2. The heat exchanger of claim 1 , wherein the fluid conduit is one of a plurality of fluid conduits, each of the plurality of fluid conduits defining a plurality of sequentially arranged flow passes for the fluid traveling therethrough, the plurality of fluid conduits providing hydraulically parallel circuits for the fluid to travel through the heat exchanger.
3. The heat exchanger of claim 2 , wherein the plurality of sequentially arranged flow passes of each of the plurality of fluid conduits defines a helical flow path.
4. The heat exchanger of claim 2 , wherein each of the plurality of flow passes is adjacent to and at least partially bonded to at least one flow pass of a different one of the plurality of fluid conduits.
5. The heat exchanger of claim 2 , further comprising:
a casing surrounding the two or more corrugated fin structures and the plurality of fluid conduits, the casing extending between a hot gas inlet and a hot gas outlet;
a first fluid connector joined to the casing at a first location between the two or more corrugated fins structures and at one of the hot gas inlet and hot gas outlet, the first fluid connector providing a fluid inlet; and
a second fluid connector joined to the casing at a second location between the two or more corrugated fins structures and at one of the hot gas inlet and hot gas outlet, the second fluid connector providing a fluid outlet, wherein one end of each of the plurality of fluid conduits is joined to the first fluid connector and another end of each of the plurality of fluid conduits is joined to the second fluid connector such that the hydraulically parallel circuits for the fluid extend between the fluid inlet and the fluid outlet.

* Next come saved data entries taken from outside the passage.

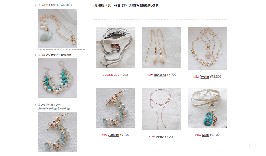 LeJ のホームページ の構成を変えて、トップページの左サイドバーに ネックレス・ブレスレット・ピアス それぞれのページへのリンクを置きました。また、Applejamから再制作を続けているアクセサリーへのリンクも、一番下に置きました。このように、ページへのリンクは4種類になりました。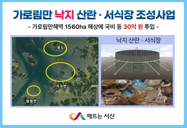 이완섭 서산시장은 “낙지는 서산9품 중 하나로 산란·서식장 조성사업이 가로림만 지역 특화 어종인 낙지 자원의 회복과 어업 생산성 증대 및 어촌 경제 활성화에 기여하길 기대한다”고 말했다.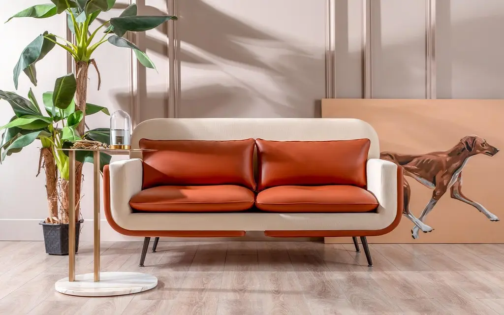 Designed to maximize both form and comfort, the Up two seater sofa will add a unique style to your space.You can combine different fabrics for back and front of sofa or choose just one fabric. -Spring upholstery -32 DNS HR Foam-1st Grade Alder frame- Faux leather armrest details.Upholstered product use and care Dry clean your product and refer to the sales form for special care instructions.When choosing your fabric, submit your flammability certificate request.Avoid using upholstery perfumes directly on the product. Instead, spray in the air around the product to ensure dispersion rather than direct contact.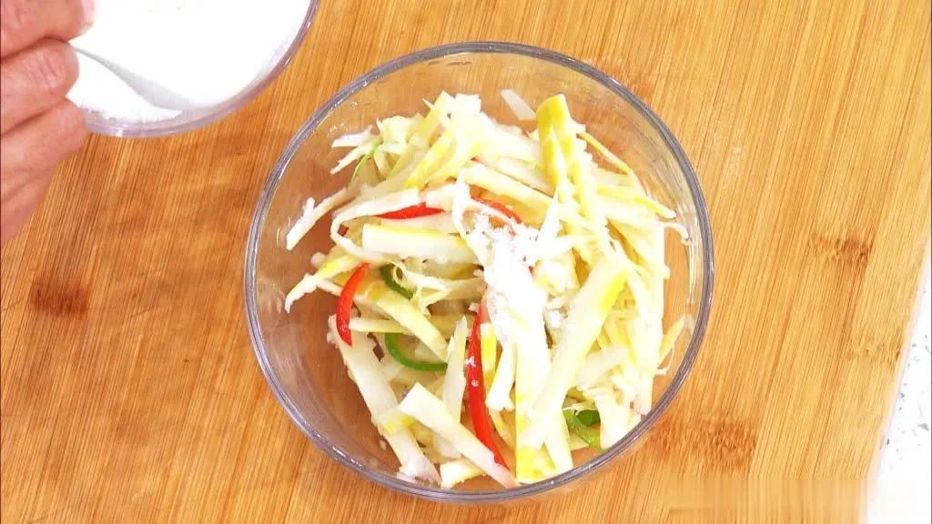 春笋切丝,按照前文方法,焯烫1分钟,临出锅前把青红椒丝也下入水中烫一下,一起捞出过凉水。

6. The heat exchanger of claim 5 , wherein each one of the plurality of fluid conduits includes a thermally compliant portion between the two or more corrugated fin structures and one of the fluid inlet and the fluid outlet, the thermally compliant portion having a length that is greater than the distance between the two or more corrugated fin structures and the one of the fluid inlet and the fluid outlet.

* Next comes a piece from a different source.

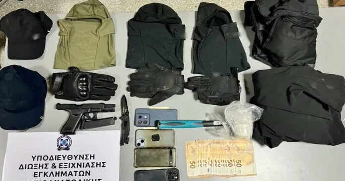 Έχοντας καλυμμένα τα πρόσωπά τους και απείλησαν τους αστυνομικούς με σφυρί, μαχαίρι και πιστόλι.
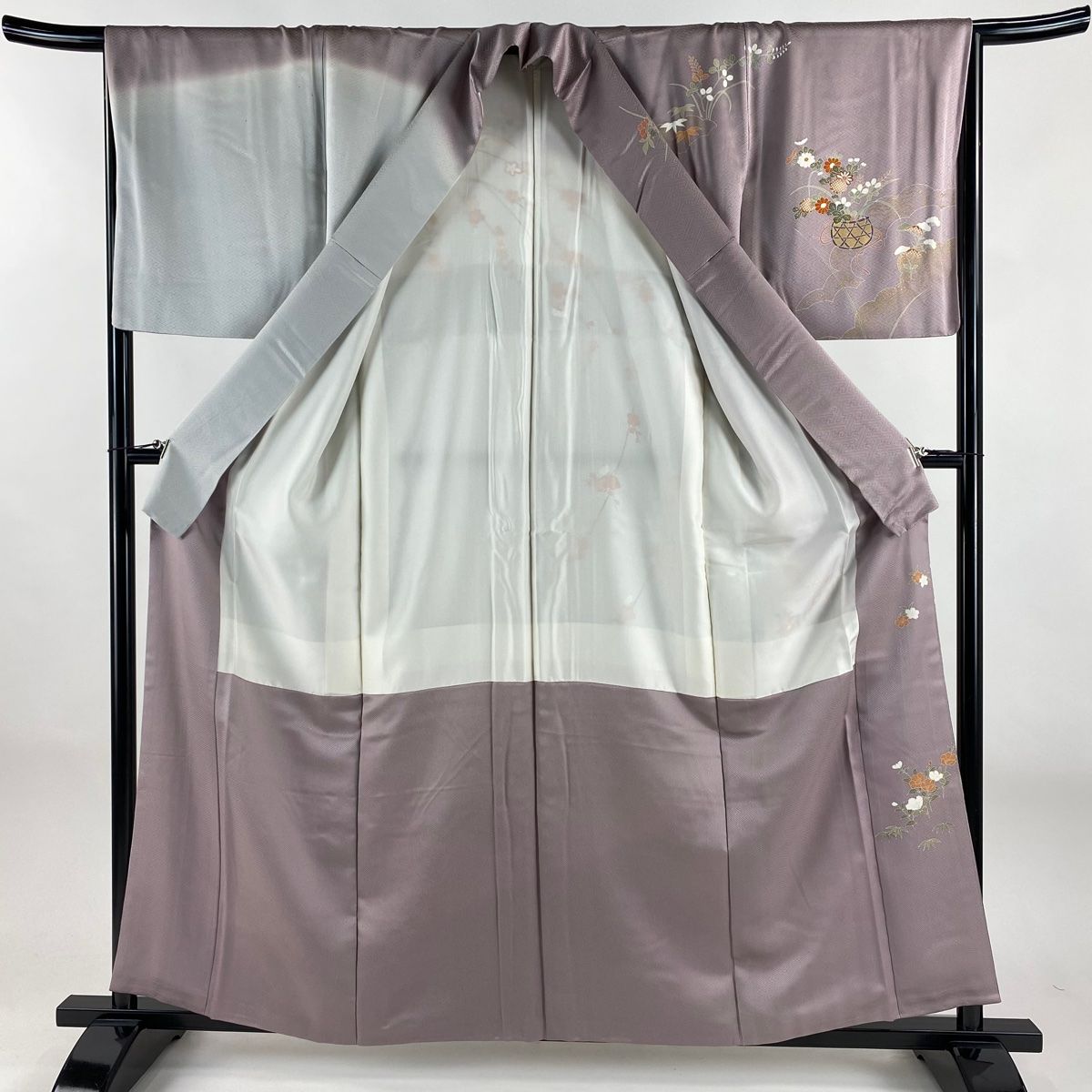 訪問着 身丈159 cm 裄丈65.5 M 袷 雪輪 草花 金彩 染め分け 薄紫 正絹

7. The heat exchanger of claim 1 , wherein the expandable sleeve has a cylindrical shape and a slit extending in a longitudinal direction of the expandable sleeve.
8. The heat exchanger of claim 1 , wherein the expandable sleeve includes a first end opening and a second end opening located opposite of the first end opening, wherein the cap is a first cap and is at least partially disposed within the first end opening, wherein the cap surface is a first cap surface that is at least partially ramped, wherein a second cap is at least partially disposed within the second end opening, wherein the second cap includes a second cap surface that is at least partially ramped, and wherein a portion of the second cap surface engages the expandable sleeve to configure the expandable sleeve into the second arrangement.
9. The heat exchanger of claim 8 , wherein a fastener extends between the first cap and the second cap, wherein the fastener is configured to adjust the distance between the first cap and the second cap.
10. The heat exchanger of claim 1 , wherein engagement between the portion of the cap surface and the expandable sleeve is a frictional engagement.
11. The heat exchanger of claim 1 , wherein the cap surface includes a step and wherein the step engages the expandable sleeve.
12. The heat exchanger of claim 11 , wherein the step is one of a plurality of steps of the cap surface and wherein each of the plurality of steps is connected to another of the plurality of steps by a ramped surface of the cap surface.
13. A heat exchanger for transferring heat from a hot gas to a fluid, comprising:
a casing defining an internal volume of the heat exchanger, the casing including a first diffuser at a first end of the casing, and a second diffuser at a second end of the casing;
a hot gas flow path extending at least partially in a first direction through the internal volume from a hot gas inlet in one of the first diffuser and the second diffuser to a hot gas outlet in the other of the first diffuser and the second diffuser, wherein the first direction is longitudinal with respect to the casing;
a fluid inlet joined to the first diffuser;
a fluid outlet joined to the second diffuser; and
a plurality of fluid conduits extending through the internal volume, each of the fluid conduits defining a hydraulically separate and continuous flow path for the fluid between the fluid inlet and the fluid outlet, wherein each of the plurality conduits defines a plurality of sequentially arranged flow passes for the fluid, and wherein each of the plurality of flow passes is arranged in a second direction perpendicular to the first direction,
wherein each of the plurality of conduits has a first conduit end and a second conduit end,
wherein the first conduit end of each one of the plurality of conduits extends at least partially in the longitudinal direction from one of the plurality of flow passes through a first aperture in the first diffuser, and
wherein the second conduit end of each one of the plurality of conduits extends at least partially in the longitudinal direction from one of the plurality of flow passes through a second aperture in the second diffuser, wherein each of the first conduit ends of the plurality of conduits extends through the first aperture, and wherein each of the second conduit ends extends through the second aperture.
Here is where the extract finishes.